Patent No. US10984320 (titled "Highly Trainable Neural Network Configuration") was filed by Tesseract Systems Llc on May 1, 2017.

’320 is related to the field of computer-based neural networks, specifically addressing the challenge of training very deep networks. Traditional deep neural networks, while theoretically powerful, suffer from optimization difficulties as the number of layers increases. This is due to issues like vanishing gradients, where the error signal diminishes as it propagates back through the network during training, hindering the learning process, especially in early layers.

The underlying idea behind ’320 is to introduce a gating mechanism within each neuron that controls the flow of information. Instead of always applying a non-linear transformation to the input signal, the neuron can selectively allow the original input signal to pass through, unmodified, or pass a transformed version of the input, or a mix of both. This is achieved using transform and carry gates , which determine the weighting between the transformed and non-transformed components.

The claims of ’320 focus on a computer-based method, a neural network architecture, and a computer-readable medium implementing this architecture. The core element is a neuron that receives an input signal, applies a first non-linear transform to produce a 'plain' signal, and then uses two additional non-linear transforms (gates) to produce a 'transform' signal and a 'carry' signal. The neuron then calculates a weighted sum of the original input signal and the 'plain' signal, where the weights are determined by the 'transform' and 'carry' signals.

In practice, this architecture allows for the creation of 'information highways' through the network. By initializing the network to favor the 'carry' behavior, the original input signal can propagate through many layers without significant attenuation. This makes it easier to train very deep networks because the error signal can propagate back more effectively, even through many layers. The transform gate learns to regulate information flow, allowing the network to dynamically choose between transforming the input or simply passing it through.

This approach differs from prior solutions that rely on careful initialization schemes or complex training techniques to overcome the optimization challenges of deep networks. By introducing the gating mechanism, ’320 provides a more robust and flexible way to train networks with virtually arbitrary depth, using standard Stochastic Gradient Descent (SGD) with momentum. This allows for the exploration of deeper architectures and potentially more complex problem-solving capabilities without the limitations imposed by traditional training difficulties.

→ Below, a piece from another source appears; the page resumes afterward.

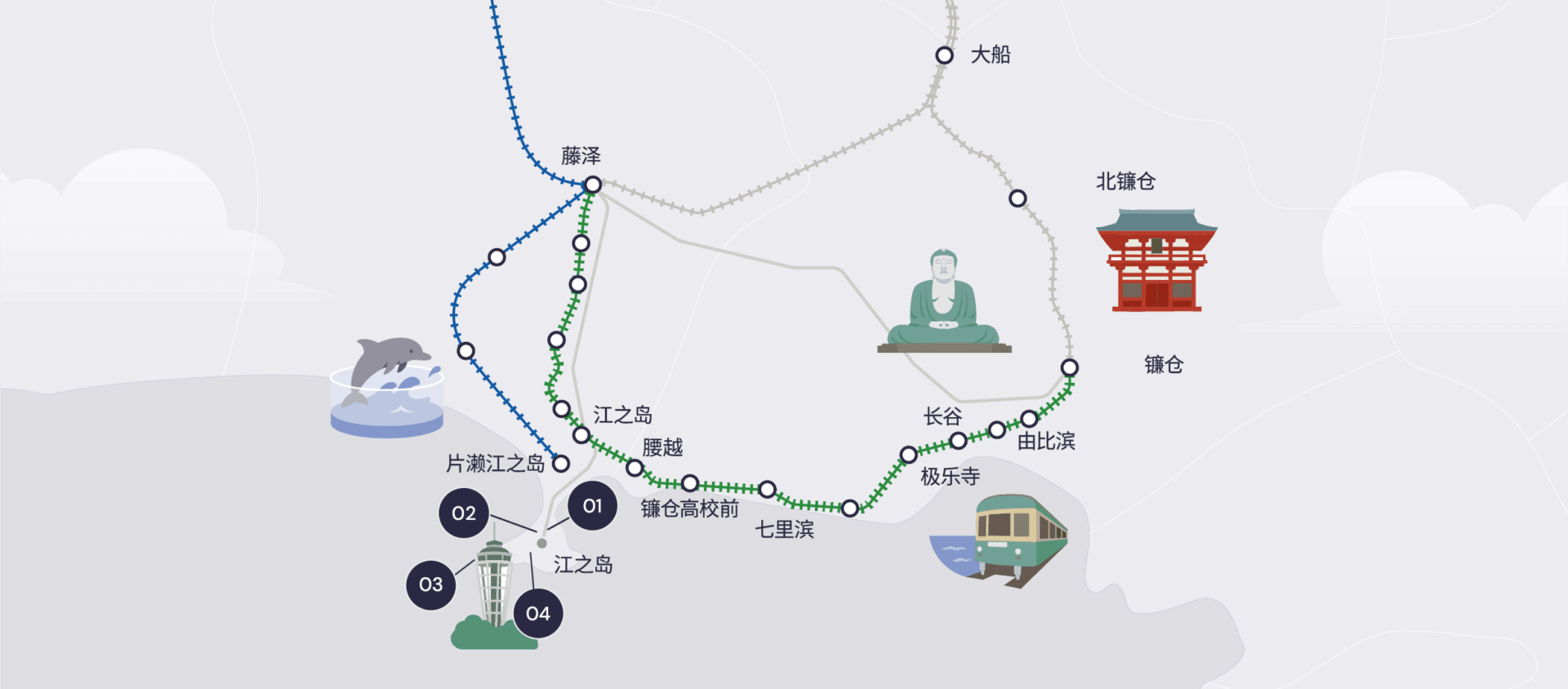 江之岛是一座兼具自然美与丰富历史的岛屿,拥有日本屈指可数的绝景。从经典的观光景点到隐藏的秘境,本一日行程网罗了江之岛的各种精彩景点。

How does this patent fit in bigger picture?

Technical landscape at the time

In the mid-2010s when ’320 was filed, neural networks were typically implemented using deep architectures, at a time when training very deep networks was non-trivial. Optimization of deep networks was difficult, leading to research on initialization techniques and multi-stage training approaches.

Novelty and Inventive Step

The examiner allowed the claims because amendments made by the applicant overcame previous rejections. Specifically, the examiner was persuaded that the claims, as amended, contained additional elements (applying several non-linear transforms to signals) that were significantly more than the abstract ideas recited in the claims, thus rendering the claims statutory under 35 U.S.C. 101. The examiner also noted that the prior art did not teach the specific transforms and calculations in the context of the methods, neural network, and computer-readable medium as claimed.

Claims

This patent includes 28 claims, with independent claims 1, 15, 26, and 28. The independent claims generally focus on a computer-based method, a computer-based neural network, a computer-readable medium, and another method, all related to facilitating training in a computer-based neural network using non-linear transforms and weighted sums within neurons. The dependent claims generally elaborate on and refine the specifics of the independent claims, adding details and limitations to the method, network, and medium.

Key Claim Terms New

Definitions of key terms used in the patent claims.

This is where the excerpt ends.